Now let’s talk about you,
the next line read,
because there are things you have to know, the things I’ve learned that I don’t think anyone else knows yet. So much of what we in the Circle do is aimed at preventing things from becoming manifest in the Material, but I think that’s all about to change.

But first, and this is from me as your Da, because I want you to be happy, as happy as you can. It is possible.

Your friends are important, Sam. You need to keep a bond to the Material, and you’ve always had pretty good judgment. Trust your gut, trust your senses, and trust me, even though I’m not beside you. Fran…what did I tell you? I was right, she did like you, and she’s got a heart like a lion. I hope you’re still friends. And hey, did you ever tell that other girl you liked her? Nina, right? She’s something special, that’s for sure. Well, I hope you did, because Sam?
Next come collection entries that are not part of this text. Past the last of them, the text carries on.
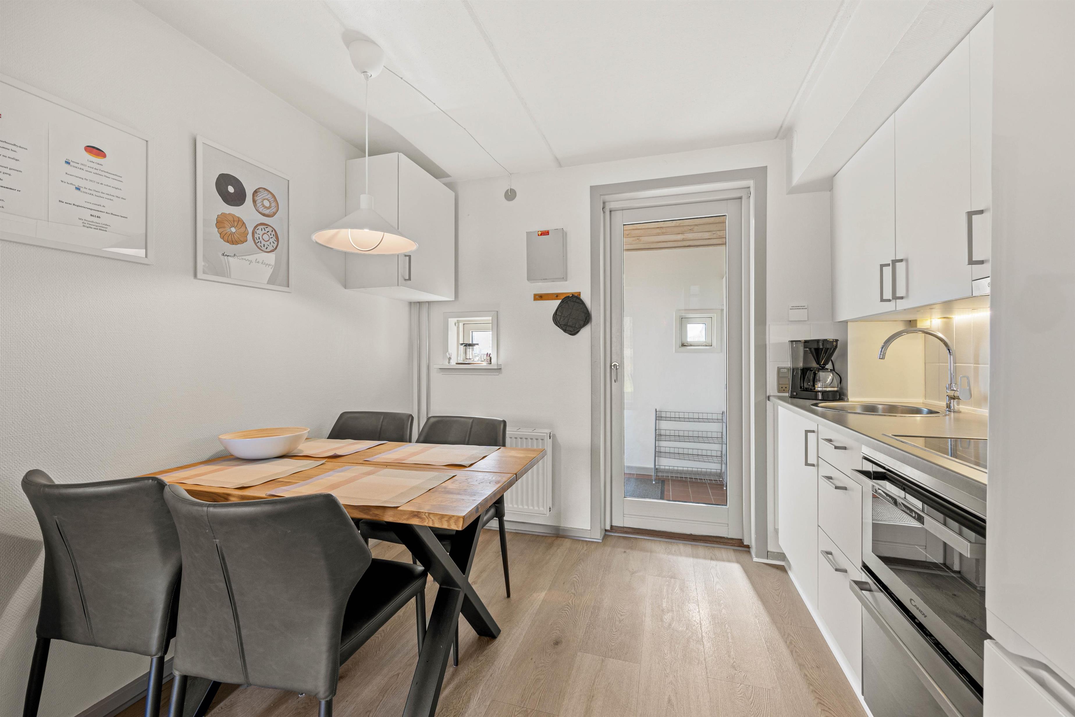 The modern kitchen features a fridge-freezer with an 80-litre freezer compartment, a ceramic hob, compact oven and small dishwasher. Everything you need to prepare delicious meals in your holiday home.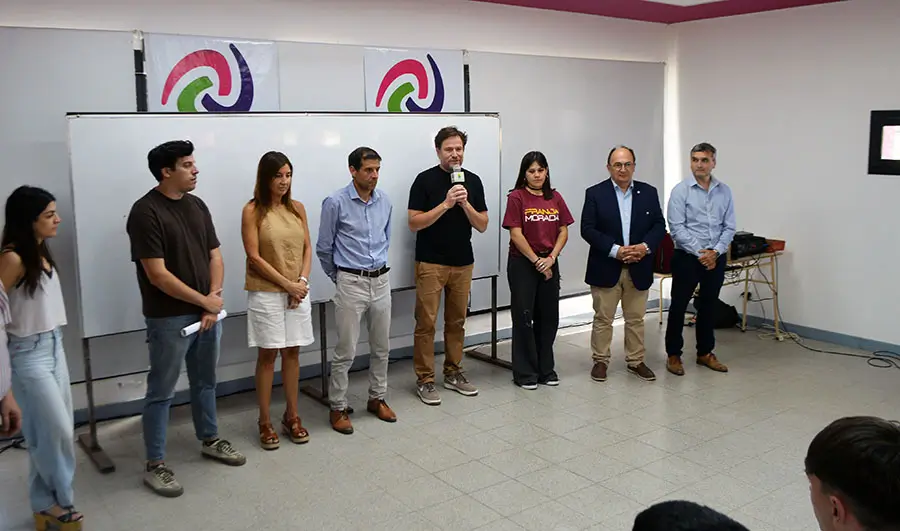 La charla estuvo a cargo del decano de la Facultad, Eduardo De Giusti, y la vicedecana, Marina Dolores Gómez Scavino, quienes estuvieron acompañados por el intendente José Luis Salomón y el director del CURS, Pablo “El Colo” Censi.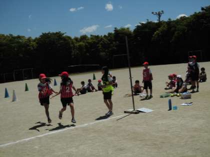 ビブスのたたみ方にもこだわる,チームで励まし合う,バトンパスが向上する,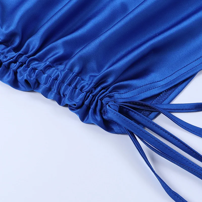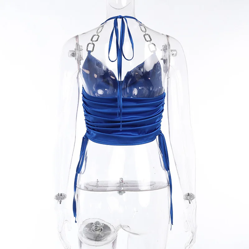 30% COTTON 70% POLYESTER Fashion Satin Chain Halter Drawstring Ruched Trendy Crop Tops For Women Spring New Style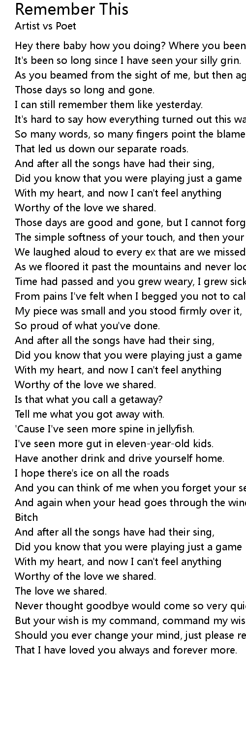 And after all the songs have had their sing, |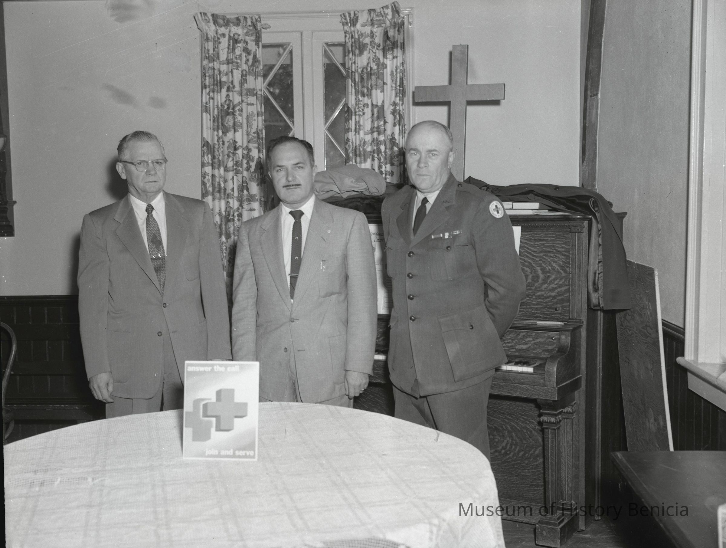 This is a photo of three men in a church behind a Red Cross sign. One man has a shoulder patch for the Red Cross.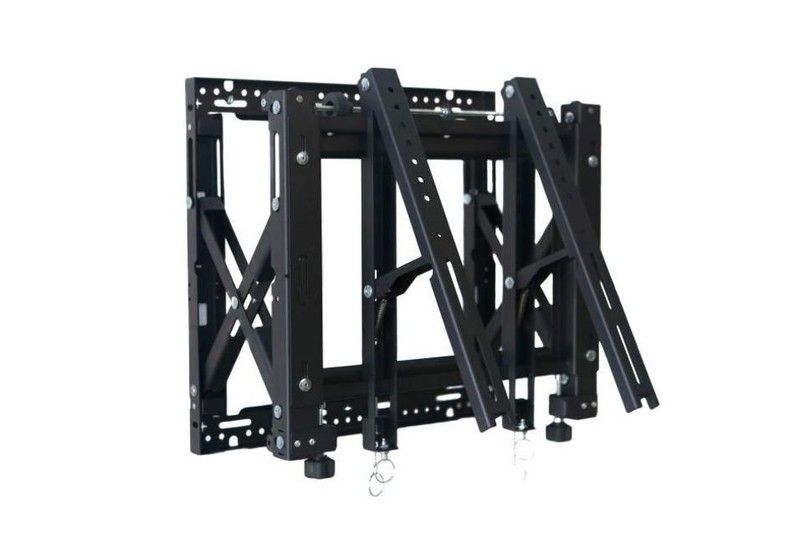 Ref: VWPOP95-P Edbak El VWPOP95-P es un soporte emergente profesional diseñado para construir videowalls en formato vertical. Para pantallas de 70 a 95” en instalación vertical. El diseño abierto permite un acceso total al cableado, y las bridas incluidas sirven para ocultar los cables de forma fácil y estética. El ajuste independiente de 8 puntos permite una alineación precisa de las pantallas sin necesidad de utilizar herramientas. Sistema especial retráctil para facilitar el acceso para el servicio. El VWPOP95-P está equipado con un bloqueo para evitar la apertura incontrolada de la estructura. - El ajuste independiente de 8 posiciones permite una alineación precisa de las pantallas sin necesidad de utilizar herramientas - El mecanismo retráctil proporciona un cómodo acceso de servicio a las pantallas instaladas en huecos y lugares de difícil acceso para el servicio - La inclinación de 20° de la pantalla con el soporte abierto aumenta el acceso a la parte posterior de la pantalla desde la parte inferior - El mecanismo retráctil puede asegurarse con un tornillo de bloqueo para evitar que la mampara se extienda accidentalmente - El diseño abierto del producto proporciona un acceso total al cableado, y las bridas suministradas facilitan la gestión de los cables - Los orificios de montaje y los espaciadores cuidadosamente seleccionados eliminan la necesidad de realizar cálculos en la obra - El ajuste del muelle del mecanismo retráctil permite un ajuste adecuado para pantallas de diferentes masas para obtener una extensión segura y controlada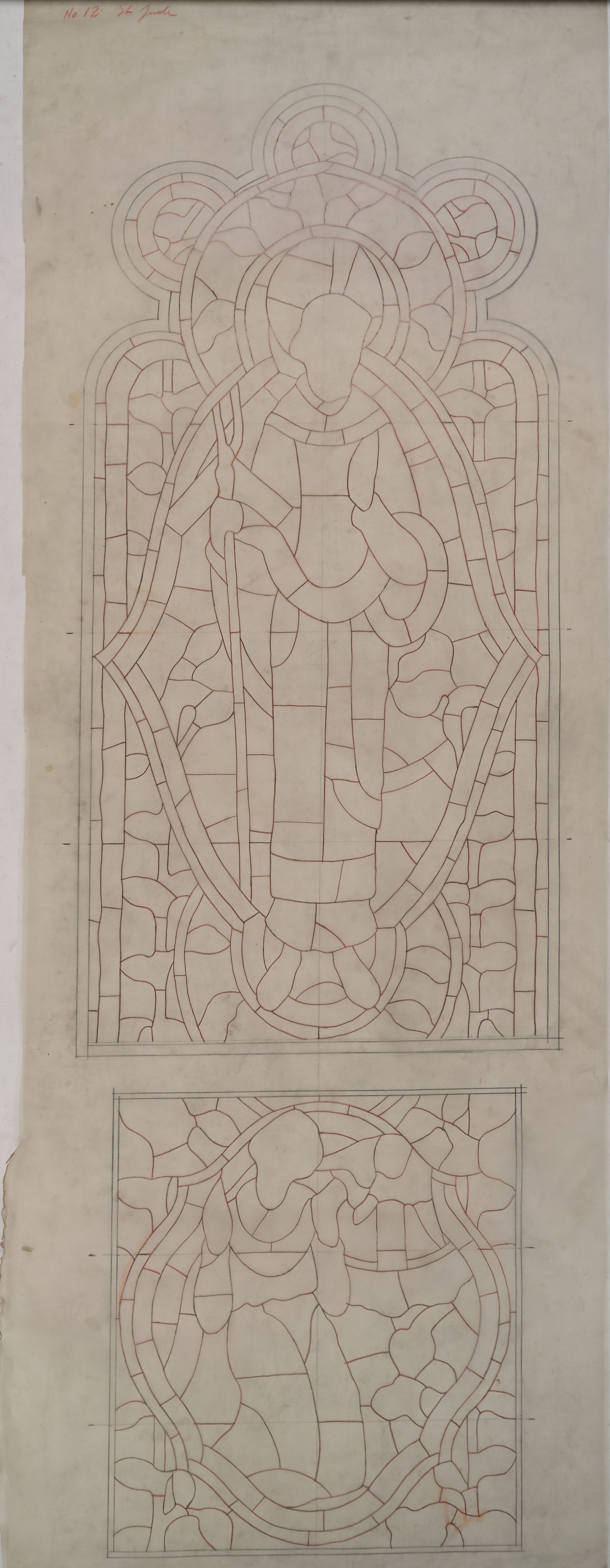Stained glass scale cartoon, Bishop's Chapel Window at Rosary Cathedral in Toledo, OH. Depicts St. Judee with a staff; the prophet Malachi with an angel. OutlineType of Drawing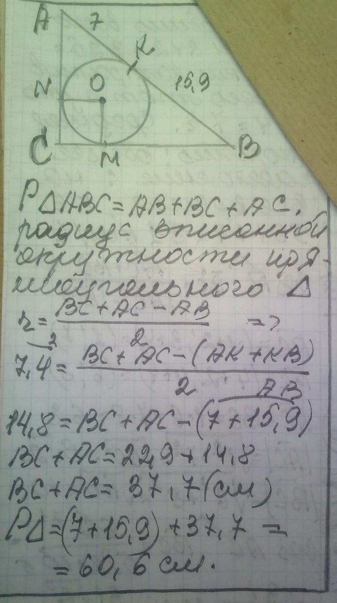 Окружность с радиусом 7.4см вписана в прям. треугольник. Найдите периметр треугольника, если точка касания q телит гипотенузу на отрезки равные 15,9,7 см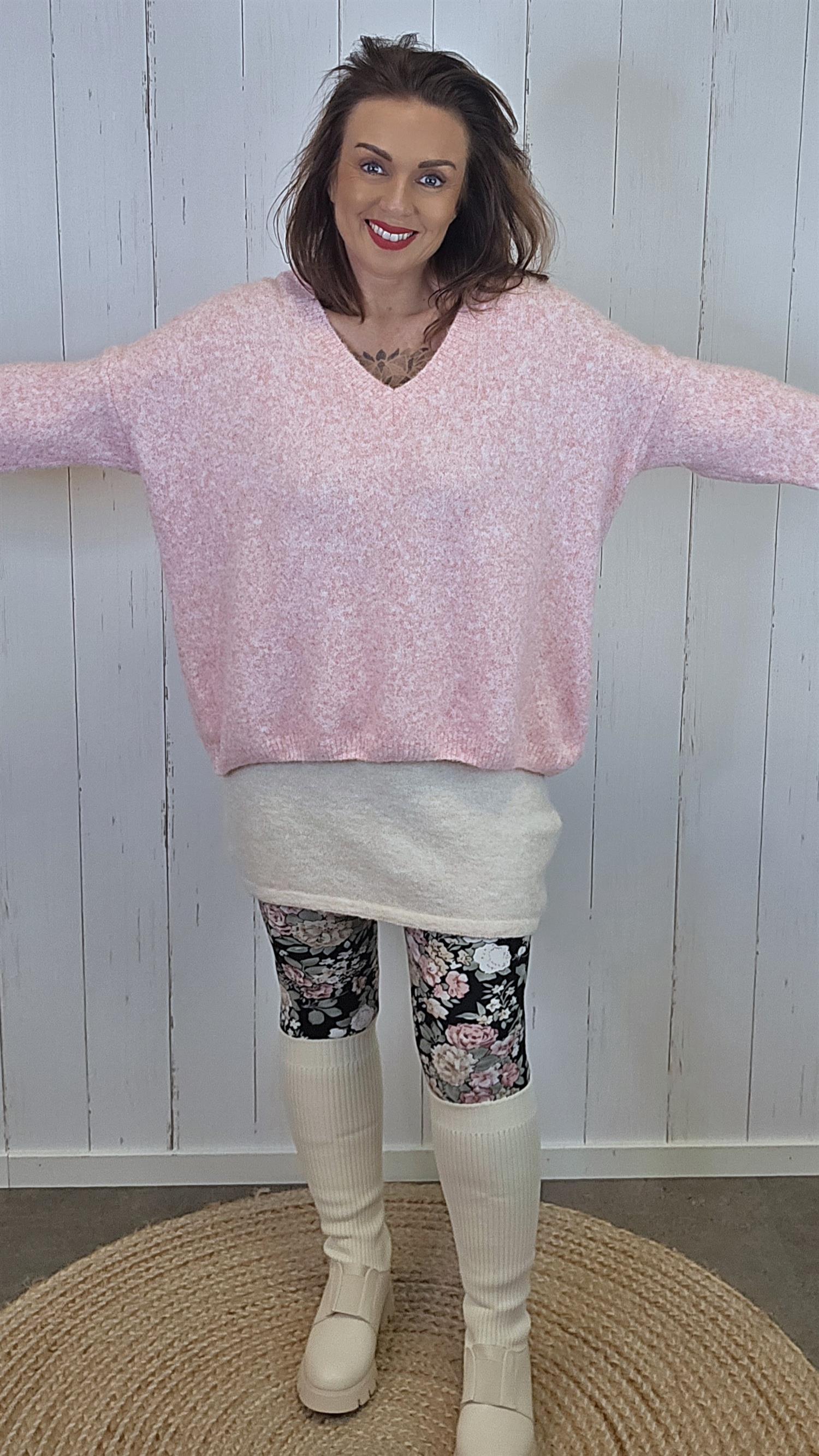 En deilig myk og varm genser med ribbestrikket kant nederst og langs den dype V-halsen. Genseren har fulle ermer med ribbekant nederst, noe som gir den et avslappet, men samtidig pent uttrykk. Stoffet er supermykt og komfortabelt – perfekt til både hverdag og kos.

You can’t turn back time, and there’s so little of it. Don’t waste it.

My eyes pricked and stung, but I didn’t want to cry, refused to, because I wanted to read the rest and there wasn’t much left, these words, from my Da to me, written because he knew he wouldn’t be there to say them.

I love you, Samantha. No matter what happens, no matter what grows and stops and changes, that never will. Even in the multiplicity of Universes, even in the uncertainty of ever meeting again in this life or any other, my love for you is a constant. It’s the one thing no one leaves behind.